The bZx DeFi protocol was exploited for the second time via a flash loan attack, resulting in a $665,000 loss in ETH and raising concerns about DeFi security.

Executive Summary

The bZx decentralized finance (DeFi) protocol experienced its second flash loan attack within a week, resulting in a loss of 2,378 ETH, valued at approximately $665,840 at an ETH price of $280. This attack, which occurred on February 18, 2020, exploited an oracle vulnerability, further highlighting the security risks inherent in the nascent DeFi sector.

The Event in Detail

The attack leveraged a flash loan of 7,500 ETH on bZx. The attacker then traded 3,517 ETH for 940,000 sUSD (Synthetix USD) on the platform. Subsequently, 900 ETH was used to purchase additional sUSD on Kyber and Uniswap, artificially inflating its price to over 2.5 times the market rate. Using the inflated sUSD as collateral, the attacker borrowed 6,796 ETH from bZx, repaid the initial flash loan, and pocketed a profit of 2,378 ETH. This left bZx with an under-collateralized loan.

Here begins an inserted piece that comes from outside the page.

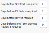 The 'Self-Certifications', 'Fit Notes', 'Long Term Sickness Review' will self populate with 'Required/Needed' based on the configurations in Configuration>Default Settings>Defaults:

bZx relied on Kyber for its price feed, and the spiked sUSD/ETH price enabled the large ETH borrow. Although bZx had implemented an internal safety check to control the maximum spread from an unstable oracle, it proved insufficient to prevent the attack.

Market Implications

The attack on bZx led to a significant decrease in total value locked (TVL) in the DeFi sector, falling approximately $140 million from a peak of $1.2 billion on February 18, 2020. Losses in locked Ether totaled around 200,000 ETH, according to data from Defipulse.com. This incident underscores the potential for significant financial losses due to vulnerabilities in DeFi protocols and raises concerns about the security and stability of the sector.

Expert Commentary

Security experts have emphasized the need for DeFi protocols to go beyond smart contract audits and secure the full ecosystem. They encourage protocols to adopt Multi-Sig/MPC wallets and cold storage for key assets. Mitigating flash loan exploits with adaptive safeguards is also crucial. Furthermore, enhancing transparency and real-time monitoring is vital, as many off-chain attacks lack clear origins. The "Top 100 DeFi Hacks Report 2025" identifies a lack of or faulty input verification/validation as the most common vulnerability leading to direct contract exploitation, accounting for 34.6% of cases.

Broader Context

The bZx attacks are part of a broader trend of increasing security vulnerabilities in the DeFi sector. As decentralized exchanges (DEXs) and cross-chain protocols scale, operational risks have surged. In August 2025, $163 million was stolen across 16 exploits, a 15% monthly increase. DeFi protocols and cross-chain bridges account for 80% of total crypto losses this year. These incidents highlight the need for investors to weigh operational risk as rigorously as market risk and to prioritize protocols with robust security audits, transparent governance, and community-driven security initiatives. > Decentralized systems, must preserve openness, security, privacy, and censorship resistance, and never sacrifice them for convenience or growth. Emerging on-chain scheduling systems and modular automation frameworks are laying the groundwork for apps where execution logic isn't reactive but proactive and autonomous.